Answer to Question #140927 in General Chemistry for ady

Q140927

A 125-g sample of cold water is mixed with an unknown amount of hot water in an insulated thermos bottle and allowed to equilibrate. The initial temperature of the cold and hot water are 3.0 °C and 91.0 °C, respectively. They reach an equilibrium temperature of 64.0 °C. Find the mass of hot water mixed with the cold water.

Solution :

We are not given any information about the thermos bottle, so we can consider that the heat exchange between cold and hot water is fast compared to the heat transfer to the thermos bottle.

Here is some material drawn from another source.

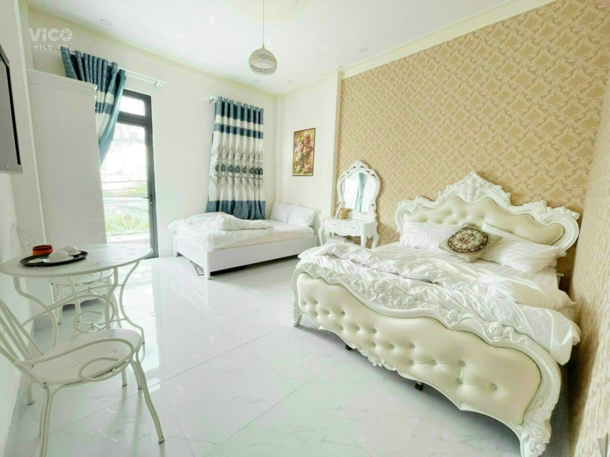 Công năng 1 trệt 3 lầu. Mới xây, 5 phòng ngủ. Đường nhựa ô tô né nhau. Sân đậu ô tô. Sổ riêng xây dựng. Trung tâm thành phố.

When we mix the cold and hot water, cold water will gain the heat and hot water will loose some heat till an equilibrium temperature is achieved.

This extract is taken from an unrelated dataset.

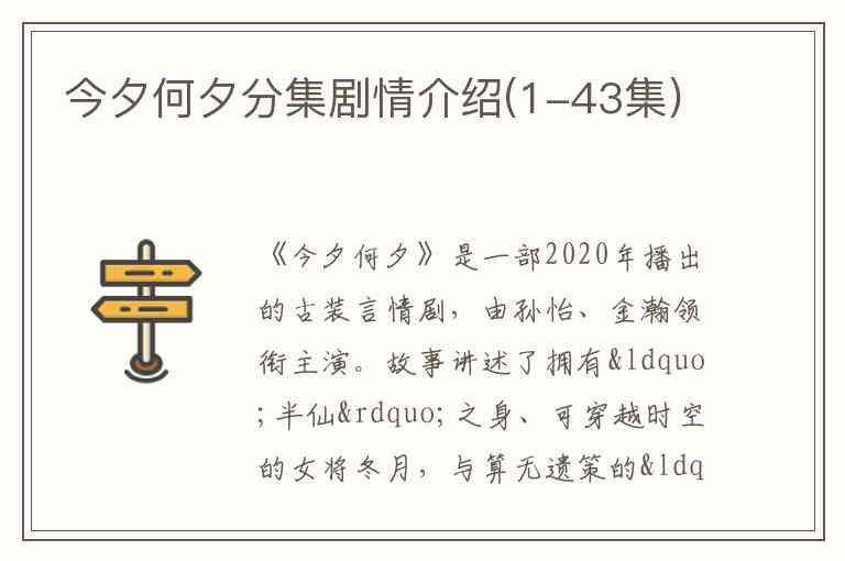 《今夕何夕》是一部2020年播出的古装言情剧,由孙怡、金瀚领衔主演。故事讲述了拥有“半仙”之身、可穿越时空的女将冬月,与算无遗策的“奸臣”冯夕,在乱世中携手辅佐皇子庞钰,匡扶正义、安定天下,并在此过程中相知相爱的故事。

Cold water will gain heat from hot water, so

Heat gained by cold water = Heat loss by hot water. ---------------- Equation 1

Heat gained by cold water = m_cold * s * ΔT_{cold water} = m_cold * s * (T _Final - T_cold )

Heat loss by hot water = m _Hot * s * ΔT_{hot water} = m _Hot * s * ( T_hot - T _Final )

where ‘s’ is the specific heat capacity of water.

Substitute this in Equation 1, we have

m_cold * s * (T _Final - T_cold ) = m _Hot * s * ( T_hot - T _Final ) --------------------- Equation 2

We know,

mass of cold water, m_cold = 125g

Temperature of cold water, T_cold = 3.0⁰C

specific heat capacity of water, s = 4.184 J/g ⁰C.

Temperature of Hot water, T_Hot = 91.0⁰C

Equilibrium temperature, T _Final = 64.0 ⁰C

Plug all this information in Equation 2, we have

125g * 4.184 J/g ⁰C * ( 64.0 ⁰C - 3.0⁰C) = m _Hot * 4.184 J/g ⁰C * (91.0⁰C-64.0 ⁰C);

125g * 4.184 J/g ⁰C * 61.0⁰C = m _Hot * 4.184 J/g ⁰C * 27.0⁰C

31903J = m _Hot * 112.968J/g

divide both the side by 112.968J/g, we have

31903J/ 112.968J/g = m _Hot * 112.968J/g / 112.968J/g

282.407g = m _Hot ;

The quantities given in the question are in 3 significant figures, so our final answer must also be in 3 significant figures.

Hence, mass of hot water, m _Hot = 282 g ;